The compass should always be correct... maybe it's time zone? The temp reads above normal b/c it's usually being baked in the sun or something, ones on cars are never accurate b/c of this or b/c you are traveling at 60+ which the wind cools it down.


----------



## jban99 (Dec 5, 2003)

*Rear view...*

Thank you Ga16... 
There are 15 possible 'zone' settings and other adjustements that I think must be for the temperature. If I change the 'zone' numbers it might switch from East to West or something but I haven't been able to set it right since I don't understand how it works. The temperature is always off even at night, and always at least by 2 degrees!...
Regards


----------



## Hal Just Hal (Oct 21, 2002)

jban99 said:


> I'm in NYC.


Lindenhurst is not NYC, don't you know the five boroughs?


----------



## jban99 (Dec 5, 2003)

*Funny...*



**my'02altima** said:


> Lindenhurst is not NYC, don't you know the five boroughs?


I tested all the settings while parked on Central Park West in NYC in order to take advantage of the National Weather Service temperature readings from the same location... 
I'm wondering where the sensors are for the temperature, there is a shielded cable going form the mirrow right into the space above the windshield, and the zones really puzzle me???
Thank you guys,
jb


----------



## MakoMeat (Dec 4, 2002)

jban99 said:


> I'm in NYC. What's the right 'Zone' to set the compass to?
> Also the temperature display is always 3 or 4 degrees above. Is there a way to compensate?
> I searched the manual and couldn't find anything... Many thanks in advance for the help!


I think your autodimming mirror is the dealer installed aftermarket one. 

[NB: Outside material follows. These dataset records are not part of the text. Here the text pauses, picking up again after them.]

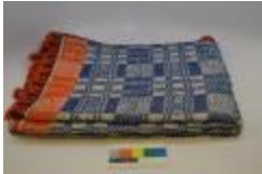
Bedspread (1998.1.2) 1920, 1920
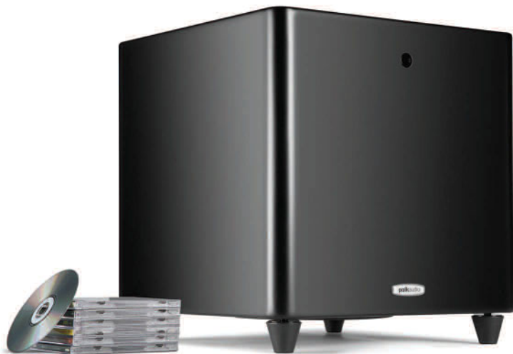
DSW PRO 500
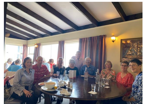
Lunch group at Fisherman's Table in February
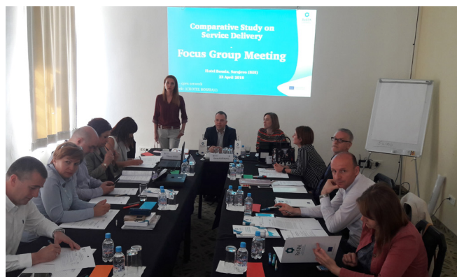
Focus Group in Sarajevo
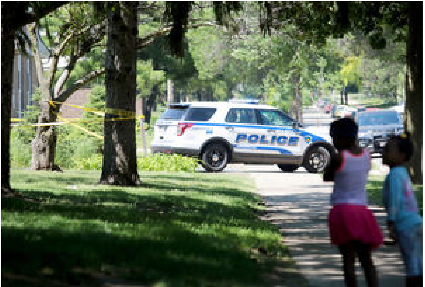
Man dies after being shot on Far East Side
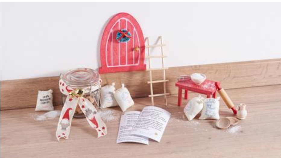
Tomte bakes biscuits
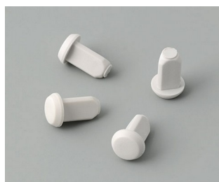
C2299018 Case feet TPE (UL 94 HB)
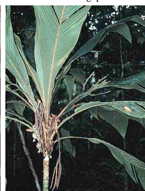
28 ttesi cofaje Geonoma triglochis
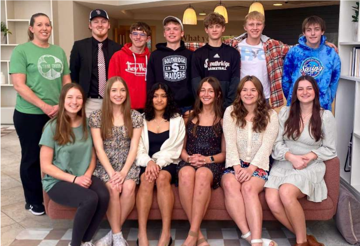
Pictured above is the Southridge swim team at their swim banquet, which was held at OFS Headquarters.
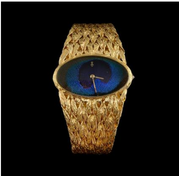
Corum 18-carat yellow gold and peacock feather watch, circa 1970, at Karry Berreby
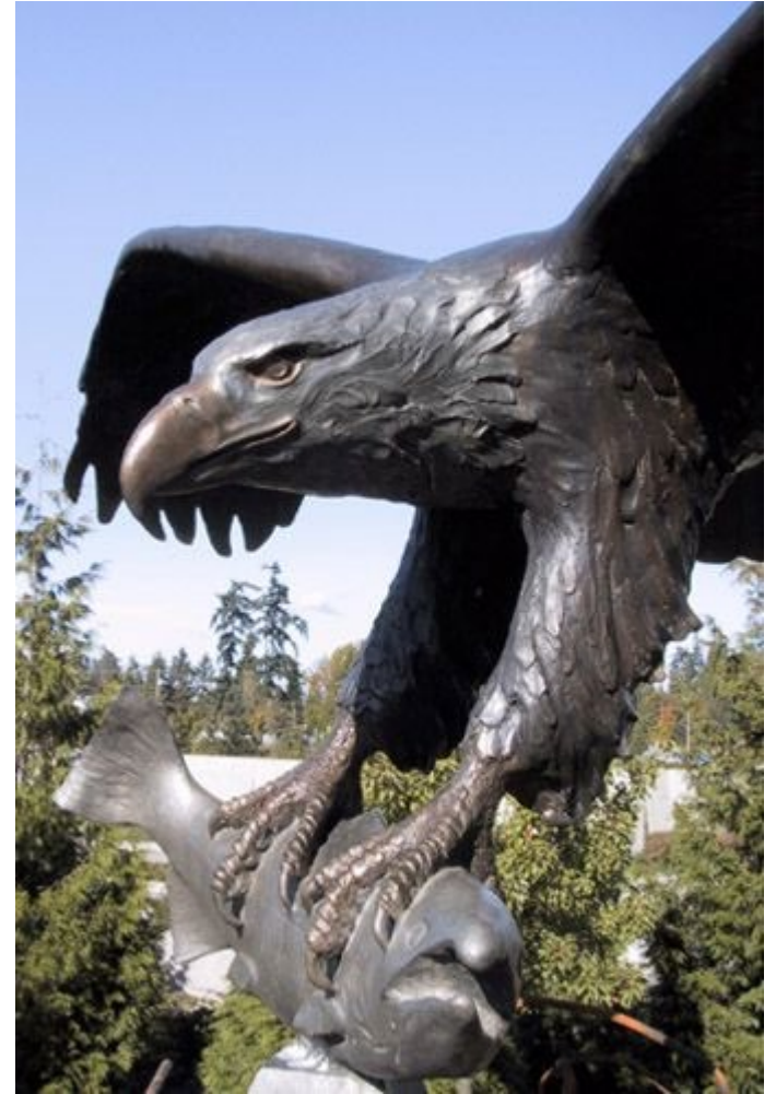
Mercy, 2000. Bronze Statue. Pedestrian overlook at the I-90 trail.
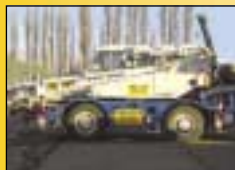
Kobelco RK200-3 Year 2000. Capacity 20 tonnes. City Crane
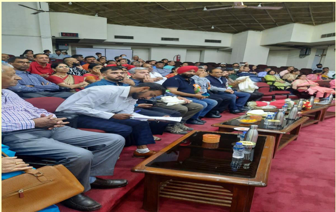
Glimpses of Cultural event for Deaf
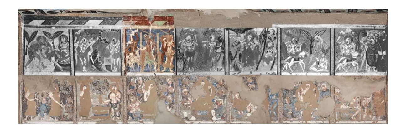
Figure 6B. Rows of Jataka stories, reconstruction. Cave 110, main hall, right wall upper center.

Figure 6A . Interior of Cave 110, main hall.
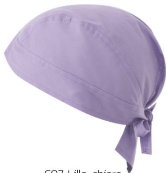
C07 Lilla chiaro
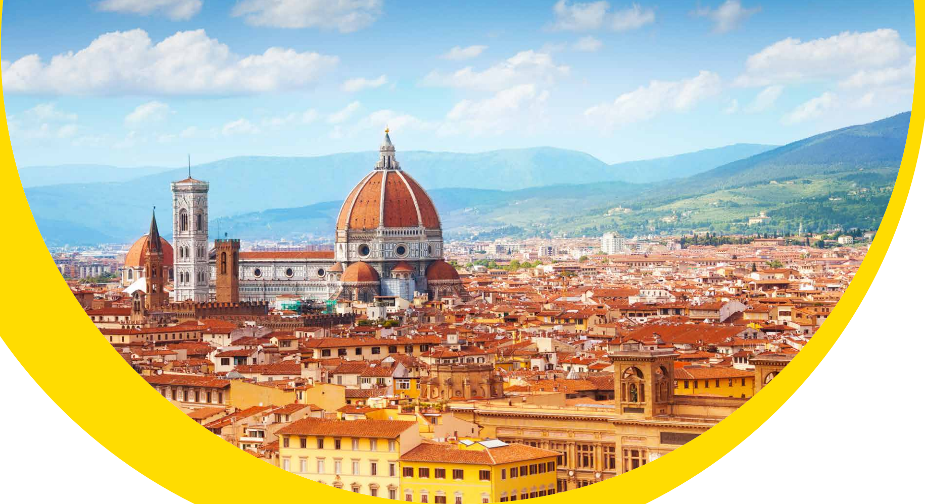
Florence Duomo Florence, Italy

and the Baptistery with its Gates to Paradise. Also see the Piazza Della Signoria – an open-air museum crammed with Renaissance sculptures, edged by historic cafes and presided over by the magnificent Palazzo Vecchio and the famed Ponte Vecchio (bridge) across the River Arno. Next, drive to Piazzale Michelangelo to get a spectacular panoramic view of the city. Later proceed towards Pisa. On arrival see the Square of Miracles with the stupendous Leaning Tower of Pisa.
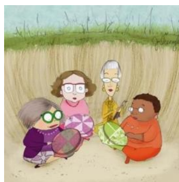
Stitch in the Ditch Club
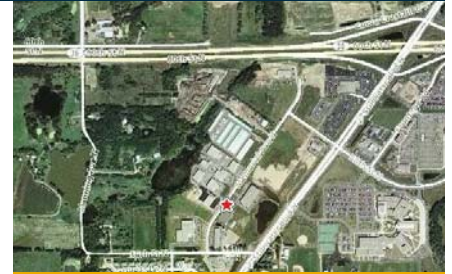
5595 Memorial Avenue Oak Park Heights, MN

Location: 5595 Memorial Avenue, Oak Park Heights, MN Description: Build-Ready Pad Square Feet: 54,450 Availability: Immediate Sale Price: $499,000 Terms: Negotiable
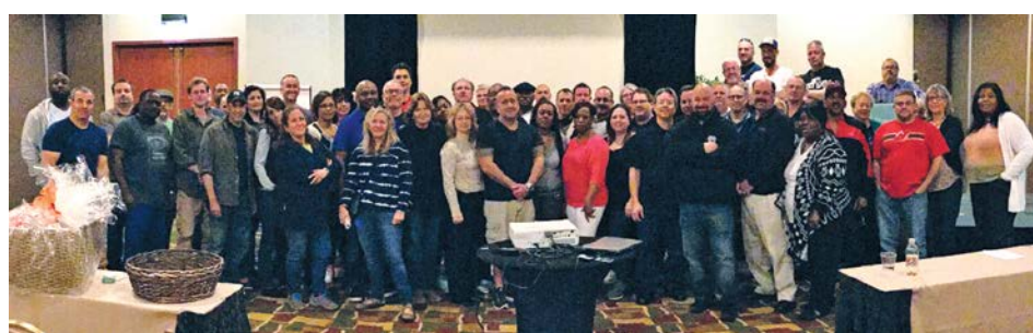
Participants gather for three-day ACCLS training seminar in Atlantic City, NJ.
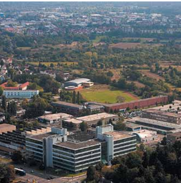
Manroland Sheetfed headquarters, Offenbach, Germany.
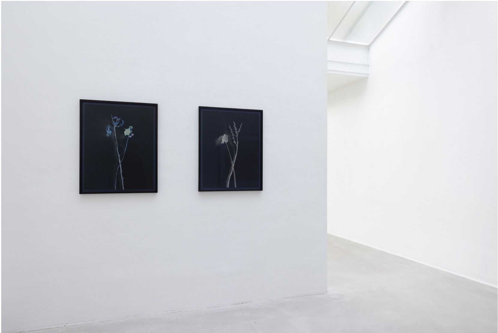
Left: Flower_m_co_8299, 2021, metalprint, framed, 83 x 66 cm, ed. 1/4 Right: Flower_m_sw_0547, 2021, metalprint, framed, 83 x 66 cm, ed. 1/4
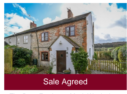
1 The Row, Easthope, Much Wenlock
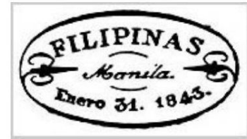
Dated Oval black " FILIPINAS - Manila " Used Between 1842 - 1844
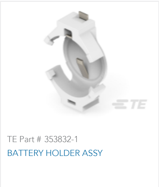
TE Part # 353832-1 BATTERY HOLDER ASSY
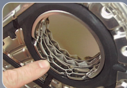
Improved Entrance Area
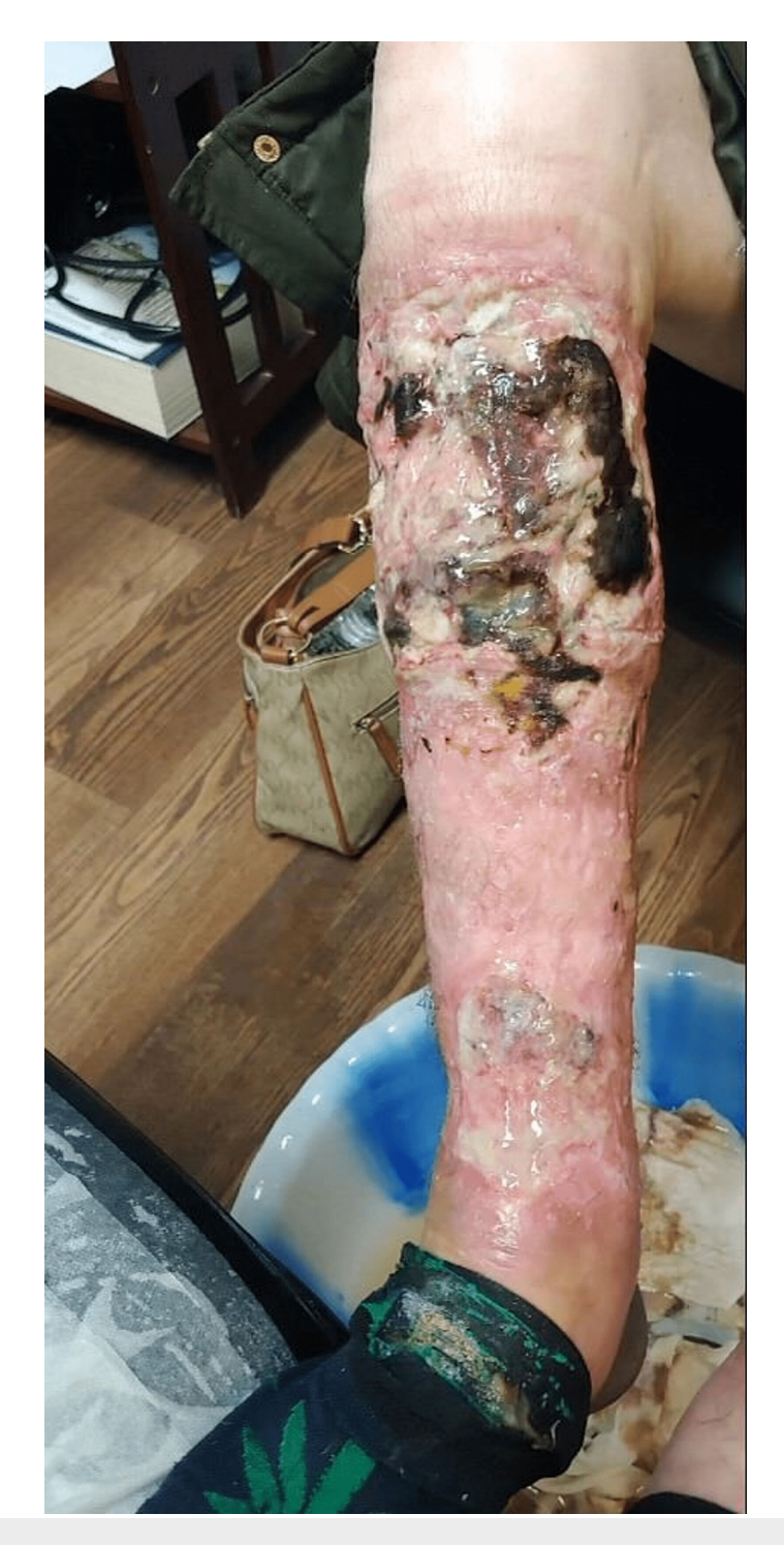
FIGURE 2: Xylazine-induced right leg cellulitis, wound infection and osteomyelitis in a person who injects drugs

She reported that the ulcers started spontaneously a few weeks ago and gradually got worse. She denied any injury or insect bites that might have led to the wounds. She usually injects into her hands, but sometimes into her legs as well. Whenever she missed a vein, she noticed that the areas were ulcerated. She reported that these wounds were progressively getting worse, unlike any of her prior wounds.
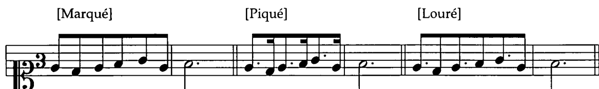
Example 6: Loulié, Supplément des Principes ou Elémens de Musique .

In his definition of notes inégales Fuller also states that this 'rhythmic convention...is independent of questions of notation', and elsewhere that 'there was no clear boundary between dotted rhythms, whether exaggerated or not, and notes inégales '. 38 Hotteterre sometimes writes the dots and sometimes does not,
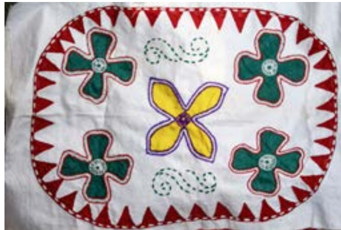
Floral designed wall hanging made of applique work.
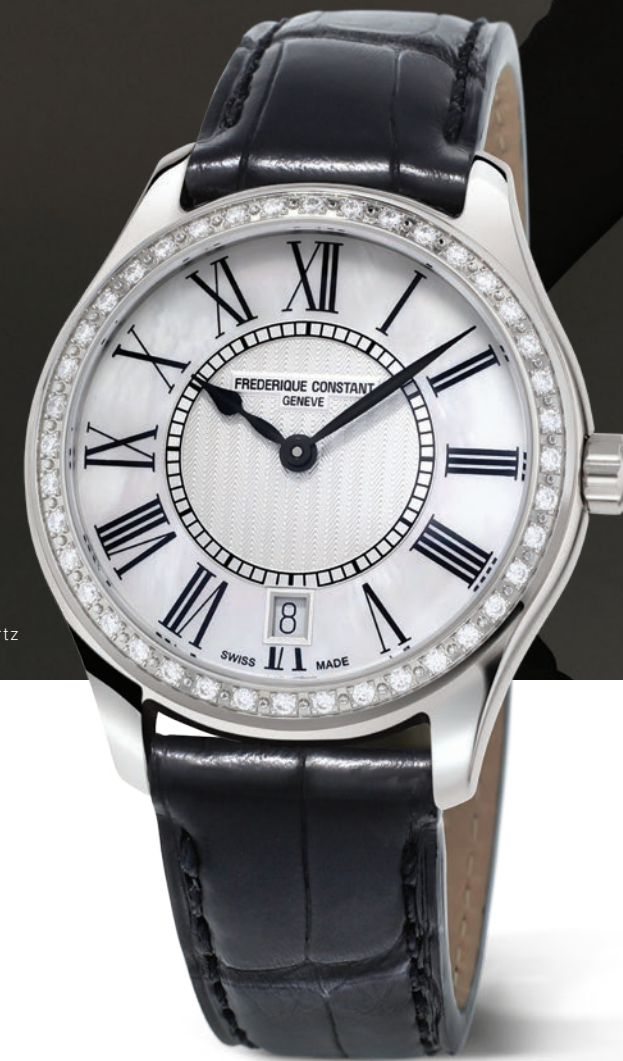
ladies classics quartz

Gwyneth Paltrow supports DonorsChoose.org live your passion
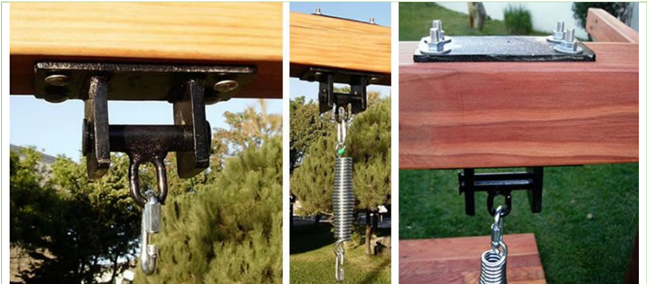
Chain Hanging Hardware

We ship springs with each swing set. The springs allow the seat to give just a bit and is a favorite of many customers. The springs are easily added and removed depending on whether you like the softness it adds to the ride.
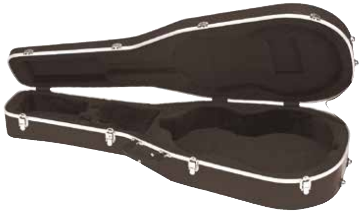
523.321 Classic guitars 523.322 Acoustic Guitars
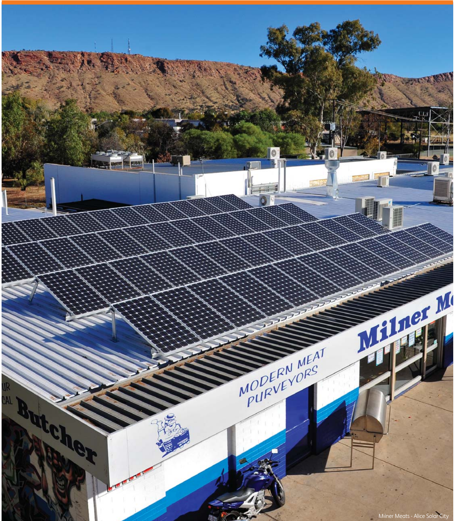
Milner Meats - Alice Solar City
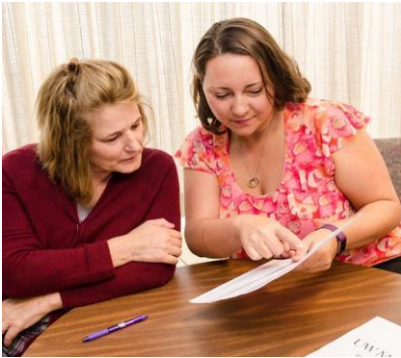
Our staff will work with your insurance to make sure they cover the costs of your medicine.

UW Medicine Specialty Pharmacy follows Washington State laws when filling prescriptions with generic medications. If we need to substitute another brand for your usual medication, we will call you.

Here’s what I dug up for you:










good luck


----------



## jban99 (Dec 5, 2003)

*THANKS MakoMeat!*



MakoMeat said:


> I think your autodimming mirror is the dealer installed aftermarket one.
> 
> Here’s what I dug up for you:
> 
> ...


Don't know if it is aftermarket or not, it just looks identical to the one in the Nissan literature but anyway, your procedure WORKED!!! :thumbup: . 
That was the most important issue, I'll get used to see the temperature a couple degrees up, no problem. Thanks a lot again...

John


----------



## Ruben (Oct 15, 2002)

Wooohoo! Another happy customer.


----------



## MakoMeat (Dec 4, 2002)

no problem, glad it worked out
:cheers:


----------



## Blank (Aug 21, 2003)

jban99 said:


> Don't know if it is aftermarket or not, it just looks identical to the one in the Nissan literature but anyway, your procedure WORKED!!! :thumbup: .
> That was the most important issue, I'll get used to see the temperature a couple degrees up, no problem. Thanks a lot again...
> 
> John


if its on your factory window sticker its stock, if not its dealer installed, factory compasses are set to zone 8 (in tenn) aftermarket dealer ones should be set by the dealer to the correct zone, but usually arent, ps, ive had a bunch of cars with tepm controlls, its a very inexact science, my 99 pathfinder was about 5 degrees high or lowe depending on weather... its never going to be exact, just giving you a basic idea... be lucky your close, i have a friend with an older toyota that says about 30 degrees off

ps. the temp reading is aldo delayed from changes to prevent wild swings of the led readout. i think it is set to 1 degree per 60 or 90 seconds, so make sure your sitting still for a few minutes to get a true reading if your trying to be perfect


----------



## jban99 (Dec 5, 2003)

*More rear view..*

Thanks for the advice. I've been out of the country for two weeks so it'll be the perfect time to test it tomorrow when I return to the US. Has been off only by 2 degrees so, as you said it's not so bad and I'm very happy with it.
Happy New Year,
John


----------